After deciding not to tender for replacement contracts with the Department of Defence, Compass Group terminated the employment of the employees who worked on those contracts. Compass Group refused to pay the employees redundancy pay as it argued that it was entitled to rely on a clause in the Enterprise Agreement which removed the requirement to pay redundancy entitlements where the end of employment is due to the “ordinary and customary turnover of labour”, which reflected section 119 of the Fair Work Act 2009 (Cth).
The National Union of Workers and the United Firefighters’ Union challenged Compass Group’s decision in the Fair Work Commission on behalf of eight workers who were refused redundancy pay. Commissioner Roe found that the employee’s contracts had been extended on a number of occasions and there was no provision which tied the duration of their employment to the duration of a particular Department of Defence contract. The Commissioner found that they therefore had a reasonable expectation of continuing employment and ordered Compass Group to make redundancy payments to the employees in accordance with the National Employment Standards.
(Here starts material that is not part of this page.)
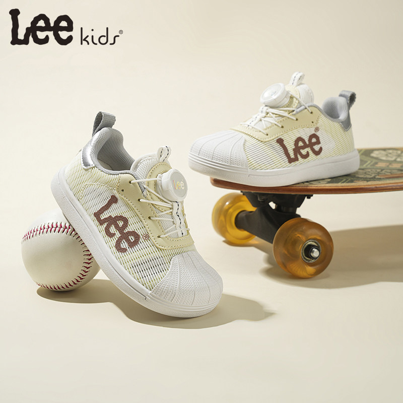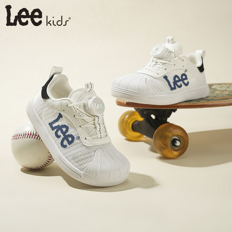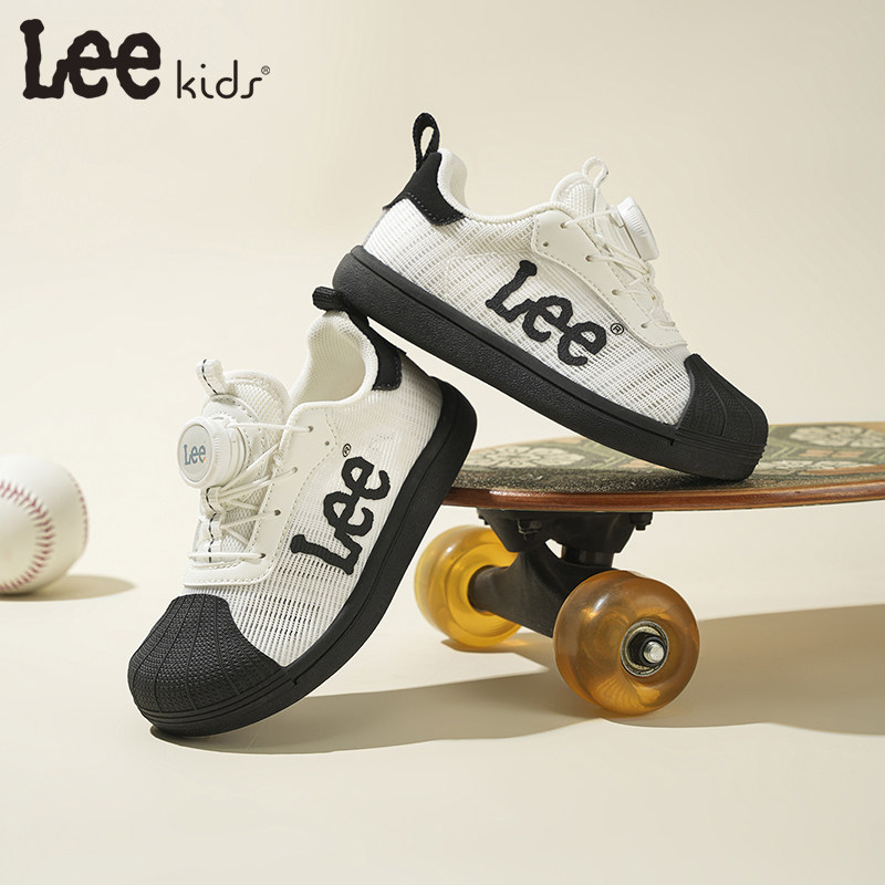 Lee Kids儿童板鞋2026春秋新款轻便透气小白鞋低帮旋钮休闲运动鞋

Compass Group appealed the decision to the Full Bench of the Fair Work Commission as it routinely terminated the employment of employees in circumstances where the contract they were working on concluded. Compass Group produced evidence that in the past 12 months, 54% of its employees were dismissed at the end of the contract they were working on. As such, a requirement to make redundancy payments to these employees would represent a significant financial burden for Compass Group.
Decision
The Full Bench disagreed with Commissioner Roe’s decision and found that previous case law expressly stated that redundancy provisions were not to apply in the case of “ordinary and customary turnover of labour”. Whether a particular situation fell into this category was to be determined on the circumstances of each termination and each business.
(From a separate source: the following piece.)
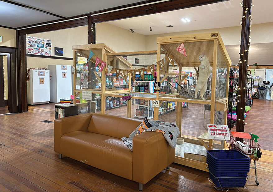 4. KITTY CITY: The Center fosters cats in store for The Biscuit Factory Animal Rescue. Sam says, “We adopted Toothpick Charlie (our store cat) from them, and he is such a hit — our customers are obsessed.” He had a smaller in-store enclosure, but customers did a T-shirt fundraiser and raised enough for a bigger one with numerous shelves, beds and hammocks. “We use the smaller one for foster cats since they don’t have to stay in it for as long.”

It was found that it was Compass Group’s common practice to terminate the employment of employees when a contract is lost, especially Department of Defence contracts. Indeed, this was expressly stated in the employees’ contracts. The Full Bench said:
“The notion of employing employees for a particular contract implies a link between the contract and the employment. It carries with it the understanding that loss of the contract could lead to termination of the employment.”
The Full Bench therefore found that the employees’ termination was due to the “ordinary and customary turnover of labour”. As such, the employees were not entitled to redundancy pay.